The Golden Dogs Come In Threes

The Golden Dogs Come In Threes
Dave Azzolini isn't sure how he feels about being another "buzz band" from Toronto. It was only a few years ago that he and several of his compadres made the arduous trek south from Thunder Bay and formed the Golden Dogs. Now their meticulously crafted debut album, Everything In 3 Parts, and frenzied live shows, have become the toast of the town.

"There's a slight mistrust of all this attention we've been getting," Azzolini says. "I'm bracing myself for opposite reaction to start happening because it doesn't make sense for everybody to like what we've done."

Azzolini can be excused for not being able to accurately gauge his band's progress, since 3 Parts' creation encompassed several false starts and many long hours in the studio getting his wide-reaching power pop vision onto tape. "The album title really just stands for the three stages this album took to get to this point," he says. "When I met [guitarist] Michael Chambers in 2002, he was also learning how to engineer, so we actually started with this old 8-track reel-to-reel machine he had.
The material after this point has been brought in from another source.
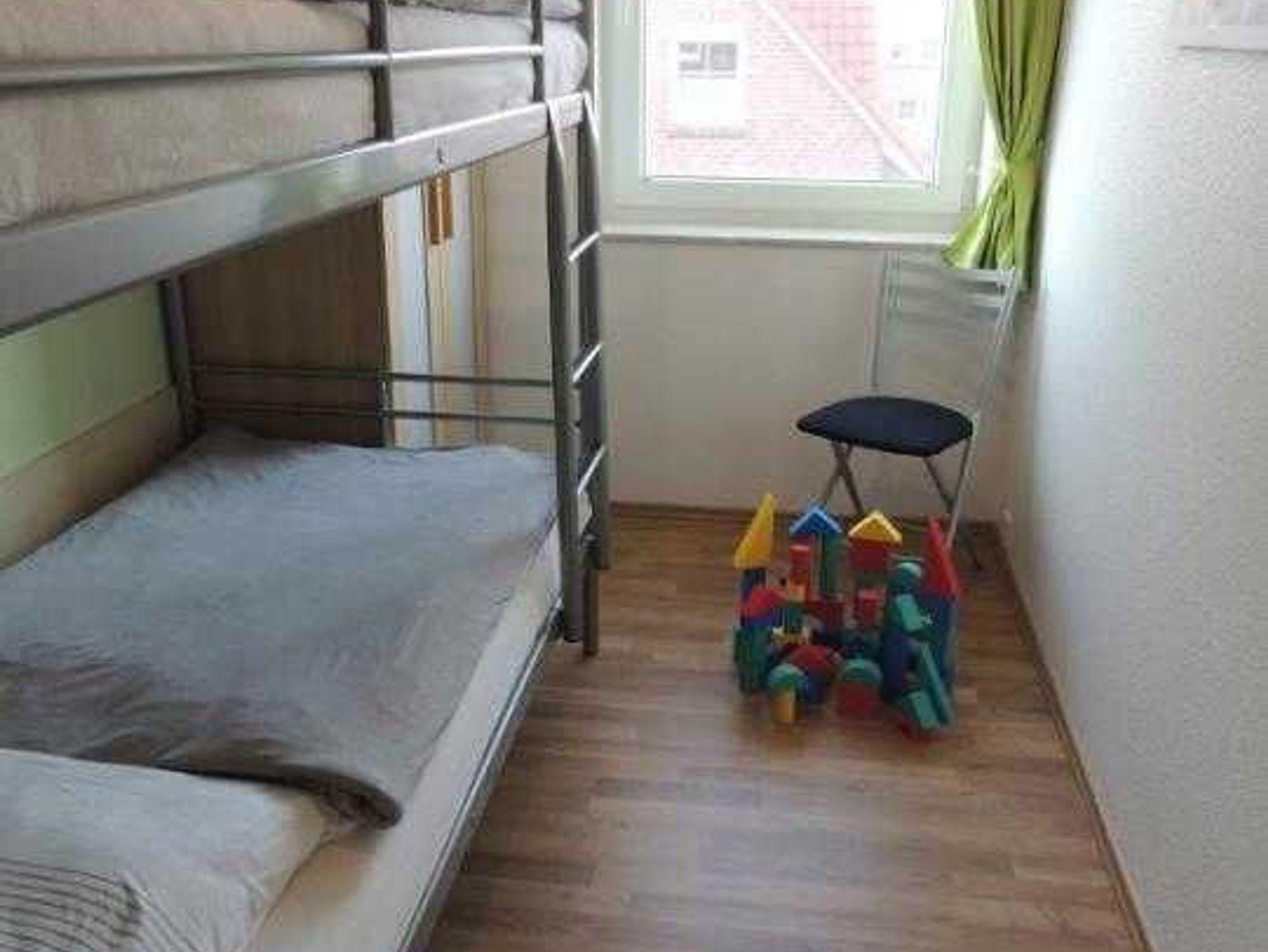 Die Wohnung verfügt über einen Schlafraum mit Doppelbett, ein Kinderzimmer mit Etagenbett, einen

Then we did some real studio sessions after the 8-track broke down and put out the independent version last September, which I still like. But when we signed with True North, they had us go in and master everything right. So in that way, I think the album is a pretty good representation of our first few awkward years together."

Azzolini speaks of recording with the confidence of a true pop auteur in the mould of XTC's Andy Partridge or Wilco's Jeff Tweedy, and while he has the capability to craft everything on his own, fellow T-Bay refugees Jessica Grassia on keys, Micah Goldstein on bass, and Toronto's Beau Stocker on drums have equally important roles, especially in anchoring Azzolini's manic on-stage persona.

"It took us a while to figure out our sound when we started playing live," Azzolini says. "When we started to get a handle on it, I think we consciously wanted to play the smallest places we could, like the Cameron House [in Toronto], just to generate that energy you only get when you play a really intimate gathering. Things started to make more sense once we made connections with audiences on that kind of personal level."

Although the Dogs' musical reputation has so far been based on the hi-octane hooks of tunes like "Birdsong" and first single "Can't Get Your Face Out Of My Head," Azzolini hopes that those are only introductions into the album's wider sonic spectrum. He seems more proud when speaking of subdued moments like "Anniversary Waltz" and "I Don't Sleep."

"I had a bit of an eye-opening experience when I saw Wilco during the tour for Yankee Hotel Foxtrot. I was originally going to do 'Anniversary Waltz' as just a vocal and acoustic guitar thing, but after I saw that show, it inspired me to take what I always thought was a simple approach to songwriting and push it to its limits. We were a little afraid at first to get that experimental, but after a while we realised it was really just the freedom to do anything we wanted with our music."

However, Azzolini makes no apologies either when it comes to his love for sugary pop. "All of my favourite pop albums have that one song that's like a doorway that leads you in to discovering the rest of the album. I think 'Can't Get Your Face Out Of My Head' works that way and in that respect it made sense to have that be the first single. I don't think any one song on this record truly represents what we're all about."